- [Source information]:

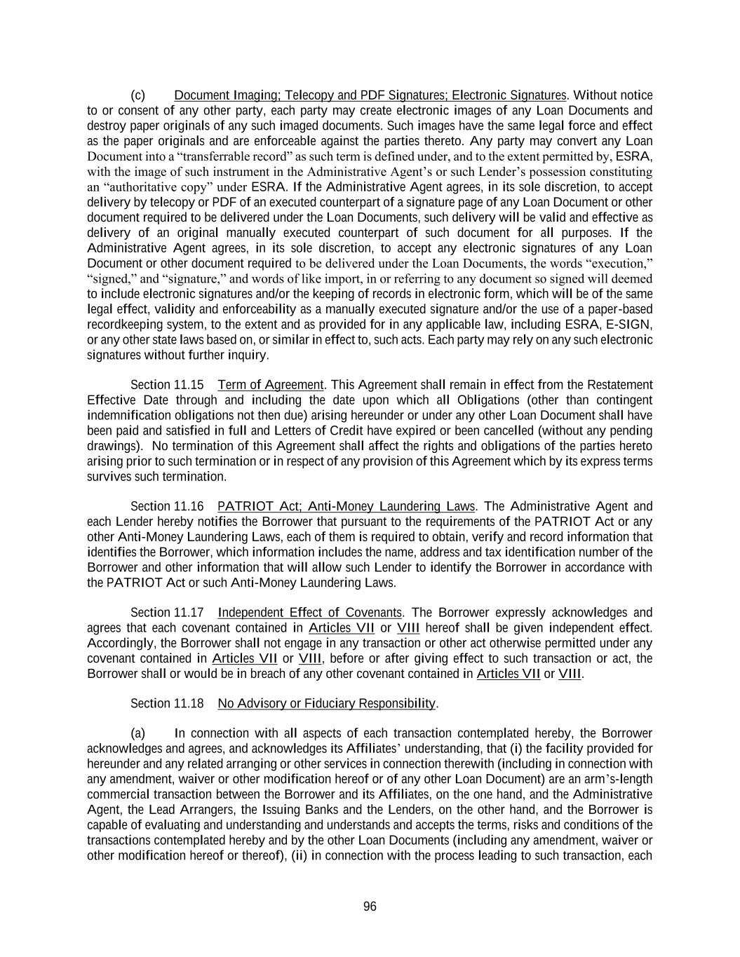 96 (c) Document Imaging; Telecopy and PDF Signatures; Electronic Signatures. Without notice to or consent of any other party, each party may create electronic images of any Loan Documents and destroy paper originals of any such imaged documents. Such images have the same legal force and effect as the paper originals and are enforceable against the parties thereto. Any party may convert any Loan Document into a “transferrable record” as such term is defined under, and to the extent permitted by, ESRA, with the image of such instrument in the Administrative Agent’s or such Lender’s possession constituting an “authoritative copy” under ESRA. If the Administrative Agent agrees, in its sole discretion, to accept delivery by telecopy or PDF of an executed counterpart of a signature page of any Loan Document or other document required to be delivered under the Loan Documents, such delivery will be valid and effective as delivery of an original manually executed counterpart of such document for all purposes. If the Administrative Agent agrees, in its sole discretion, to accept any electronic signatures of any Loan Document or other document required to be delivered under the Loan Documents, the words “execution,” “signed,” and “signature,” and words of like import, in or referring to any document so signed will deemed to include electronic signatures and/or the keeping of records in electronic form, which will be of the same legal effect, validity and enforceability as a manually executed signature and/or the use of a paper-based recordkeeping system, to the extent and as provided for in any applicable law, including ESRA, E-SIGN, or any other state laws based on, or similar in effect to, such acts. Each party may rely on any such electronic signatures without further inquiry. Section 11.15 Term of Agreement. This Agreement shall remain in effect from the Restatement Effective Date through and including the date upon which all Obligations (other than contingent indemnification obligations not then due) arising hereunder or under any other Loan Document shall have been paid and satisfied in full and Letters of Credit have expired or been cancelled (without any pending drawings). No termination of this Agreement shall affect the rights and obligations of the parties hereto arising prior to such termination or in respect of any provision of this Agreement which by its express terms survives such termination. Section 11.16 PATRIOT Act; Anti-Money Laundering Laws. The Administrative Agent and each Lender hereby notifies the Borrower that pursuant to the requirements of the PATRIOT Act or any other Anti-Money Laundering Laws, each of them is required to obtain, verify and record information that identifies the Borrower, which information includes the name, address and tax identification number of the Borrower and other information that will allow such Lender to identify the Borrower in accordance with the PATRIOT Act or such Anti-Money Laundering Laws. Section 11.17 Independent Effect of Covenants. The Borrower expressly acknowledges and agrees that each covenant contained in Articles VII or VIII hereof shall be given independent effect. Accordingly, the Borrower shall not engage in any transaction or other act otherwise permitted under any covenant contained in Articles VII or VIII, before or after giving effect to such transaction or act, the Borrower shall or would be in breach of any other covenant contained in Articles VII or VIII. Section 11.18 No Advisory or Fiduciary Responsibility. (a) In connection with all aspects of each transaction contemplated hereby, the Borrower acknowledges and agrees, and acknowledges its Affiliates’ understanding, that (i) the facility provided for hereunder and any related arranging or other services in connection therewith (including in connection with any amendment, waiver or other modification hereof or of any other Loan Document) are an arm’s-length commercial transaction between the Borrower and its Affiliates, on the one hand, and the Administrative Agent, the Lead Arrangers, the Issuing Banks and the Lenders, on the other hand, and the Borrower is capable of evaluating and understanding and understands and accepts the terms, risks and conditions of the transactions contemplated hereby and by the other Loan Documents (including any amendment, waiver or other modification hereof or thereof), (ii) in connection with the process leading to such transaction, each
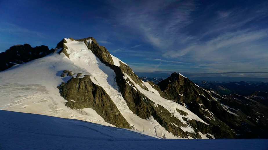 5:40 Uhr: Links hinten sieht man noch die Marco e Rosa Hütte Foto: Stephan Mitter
--
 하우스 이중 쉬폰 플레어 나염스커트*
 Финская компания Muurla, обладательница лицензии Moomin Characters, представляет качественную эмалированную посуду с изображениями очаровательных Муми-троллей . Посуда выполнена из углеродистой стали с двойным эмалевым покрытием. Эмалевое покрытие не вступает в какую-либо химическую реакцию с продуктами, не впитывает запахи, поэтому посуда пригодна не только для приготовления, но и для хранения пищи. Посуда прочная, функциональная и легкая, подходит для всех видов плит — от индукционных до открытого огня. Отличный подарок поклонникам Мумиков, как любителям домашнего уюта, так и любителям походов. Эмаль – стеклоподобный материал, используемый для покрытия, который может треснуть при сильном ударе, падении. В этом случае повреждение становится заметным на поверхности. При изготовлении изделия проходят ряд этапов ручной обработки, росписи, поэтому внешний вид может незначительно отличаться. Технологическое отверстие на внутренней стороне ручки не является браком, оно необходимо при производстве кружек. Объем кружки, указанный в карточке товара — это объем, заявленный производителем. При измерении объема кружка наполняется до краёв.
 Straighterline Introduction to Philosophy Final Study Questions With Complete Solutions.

- [Assigned task]: Search the listing above for the lines with "Финская компания Muurla, обладательница" and "Straighterline Introduction to", then output those lines and all lines between them exactly.

- [Exercise response]:
 Финская компания Muurla, обладательница лицензии Moomin Characters, представляет качественную эмалированную посуду с изображениями очаровательных Муми-троллей . Посуда выполнена из углеродистой стали с двойным эмалевым покрытием. Эмалевое покрытие не вступает в какую-либо химическую реакцию с продуктами, не впитывает запахи, поэтому посуда пригодна не только для приготовления, но и для хранения пищи. Посуда прочная, функциональная и легкая, подходит для всех видов плит — от индукционных до открытого огня. Отличный подарок поклонникам Мумиков, как любителям домашнего уюта, так и любителям походов. Эмаль – стеклоподобный материал, используемый для покрытия, который может треснуть при сильном ударе, падении. В этом случае повреждение становится заметным на поверхности. При изготовлении изделия проходят ряд этапов ручной обработки, росписи, поэтому внешний вид может незначительно отличаться. Технологическое отверстие на внутренней стороне ручки не является браком, оно необходимо при производстве кружек. Объем кружки, указанный в карточке товара — это объем, заявленный производителем. При измерении объема кружка наполняется до краёв.
 Straighterline Introduction to Philosophy Final Study Questions With Complete Solutions.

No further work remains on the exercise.